UNLOAD - Amazon Athena

UNLOAD

Writes query results from a SELECT statement to the specified data format. Supported formats for UNLOAD include Apache Parquet, ORC, Apache Avro, and JSON. CSV is the only output format used by the Athena SELECT query, but you can use UNLOAD to write the output of a SELECT query to the formats that UNLOAD supports.

Although you can use the CTAS statement to output data in formats other than CSV, those statements also require the creation of a table in Athena. The UNLOAD statement is useful when you want to output the results of a SELECT query in a non-CSV format but do not require the associated table. For example, a downstream application might require the results of a SELECT query to be in JSON format, and Parquet or ORC might provide a performance advantage over CSV if you intend to use the results of the SELECT query for additional analysis.

Considerations and Limitations

When you use the UNLOAD statement in Athena, keep in mind the following points:

  • Engine version – Athena engine version 2 is required.

  • No global ordering of filesUNLOAD results are written to multiple files in parallel. If the SELECT query in the UNLOAD statement specifies a sort order, each file's contents are in sorted order, but the files are not sorted relative to each other.

  • Orphaned data not deleted – In the case of a failure, Athena does not attempt to delete orphaned data. This behavior is the same as that for CTAS and INSERT INTO statements.

  • Maximum partitions – The maximum number of partitions that can be used with UNLOAD is 100.

  • Metadata and manifest files – Athena generates a metadata file and data manifest file for each UNLOAD query. The manifest tracks the files that the query wrote. Both files are saved to your Athena query result location in Amazon S3. For more information, see Identifying Query Output Files.

  • EncryptionUNLOAD output files are encrypted according to the encryption configuration used for Amazon S3. To set up encryption configuration to encrypt your UNLOAD result, you can use the EncryptionConfiguration API.

  • Prepared statementsUNLOAD can be used with prepared statements. For information about prepared statements in Athena, see Querying with Prepared Statements.

  • Service quotas – UNLOAD uses DML query quotas. For quota information, see Service Quotas.

Syntax

The UNLOAD statement uses the following syntax.

UNLOAD (SELECT col_name[, ...] FROM old_table) TO 's3://my_athena_data_location/my_folder/' WITH ( property_name = 'expression' [, ...] )
Note

The TO destination must specify a location in Amazon S3 that has no data. Before the UNLOAD query writes to the location specified, it verifies that the bucket location is empty. Because UNLOAD does not write data to the specified location if the location already has data in it, UNLOAD does not overwrite existing data. To reuse a bucket location as a destination for UNLOAD, delete the data in the bucket location, and then run the query again.

Parameters

Possible values for property_name are as follows.

format = 'file_format'

Required. Specifies the file format of the output. Possible values for file_format are ORC, PARQUET, AVRO, JSON, or TEXTFILE.
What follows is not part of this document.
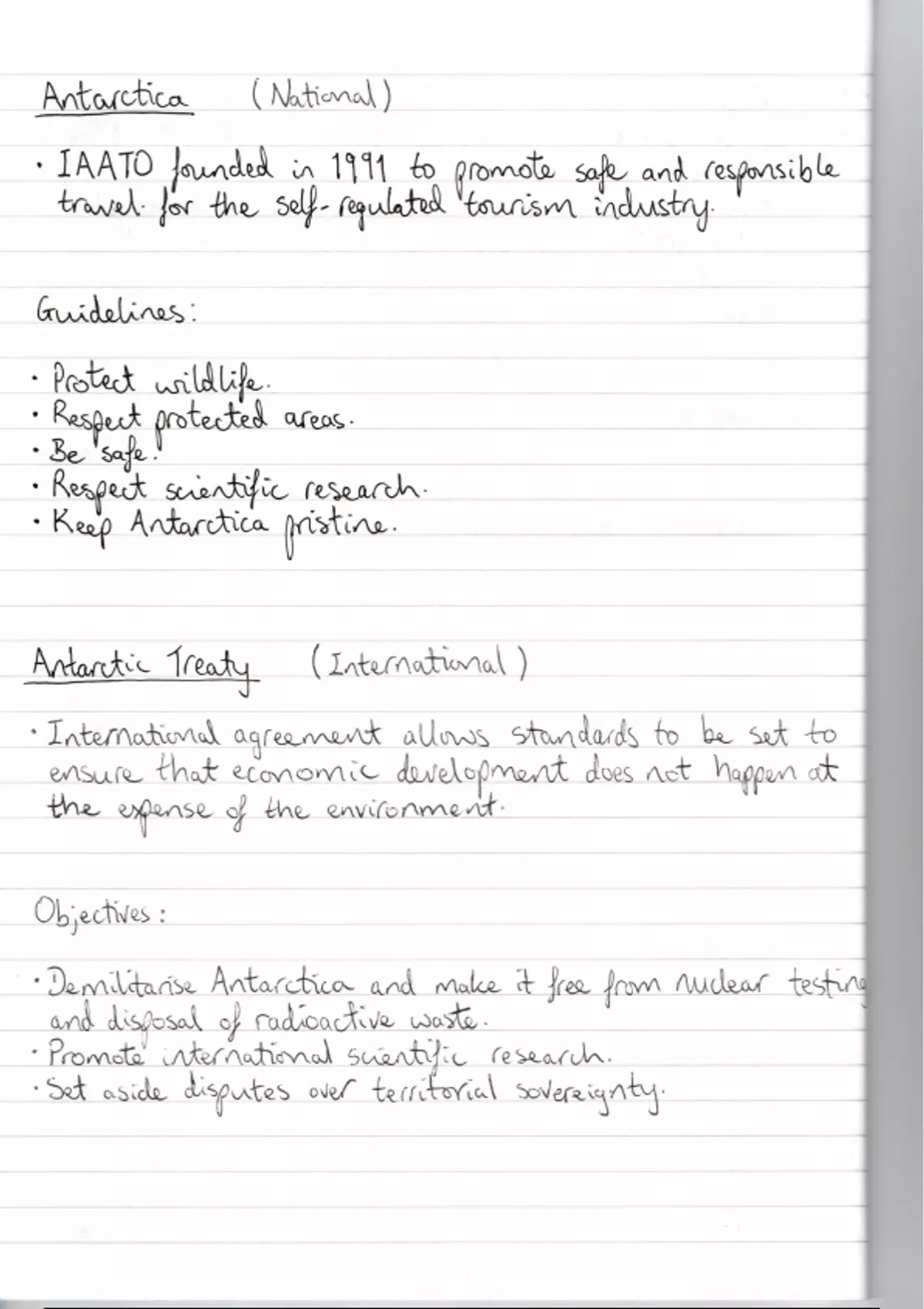 All case study information (including facts and figures) for Antarctica, featuring national (IAATO) and international (Antarctic Treaty) management. Can be used for any exam board.

compression = 'compression_format'

Optional. This option is specific to the ORC and Parquet formats. For ORC, possible values are lz4, snappy, zlib, or zstd. For Parquet, possible values are gzip or snappy. For ORC, the default is zlib, and for Parquet, the default is gzip.

Note

This option does not apply to the AVRO format. Athena uses gzip for the JSON and TEXTFILE formats.

field_delimiter = 'delimiter'

Optional. Specifies a single-character field delimiter for files in CSV, TSV, and other text formats. The following example specifies a comma delimiter.

WITH (field_delimiter = ',')

Currently, multicharacter field delimiters are not supported. If you do not specify a field delimiter, the octal character \001 (^A) is used.

partitioned_by = ARRAY[ col_name[,…] ]

Optional. An array list of columns by which the output is partitioned.

Note

In your SELECT statement, make sure that the names of the partitioned columns are last in your list of columns.

Examples

The following example writes the output of a SELECT query to the Amazon S3 location s3://DOC-EXAMPLE-BUCKET/unload_test_1/ using JSON format.

UNLOAD (SELECT * FROM old_table) TO 's3://DOC-EXAMPLE-BUCKET/unload_test_1/' WITH (format = 'JSON')

The following example writes the output of a SELECT query in Parquet format using Snappy compression.

UNLOAD (SELECT * FROM old_table) TO 's3://DOC-EXAMPLE-BUCKET/' WITH (format = 'PARQUET',compression = 'SNAPPY')

The following example writes four columns in text format, with the output partitioned by the last column.

UNLOAD (SELECT name1, address1, comment1, key1 FROM table1) TO 's3://DOC-EXAMPLE-BUCKET/ partitioned/' WITH (format = 'TEXTFILE', partitioned_by = ARRAY['key1'])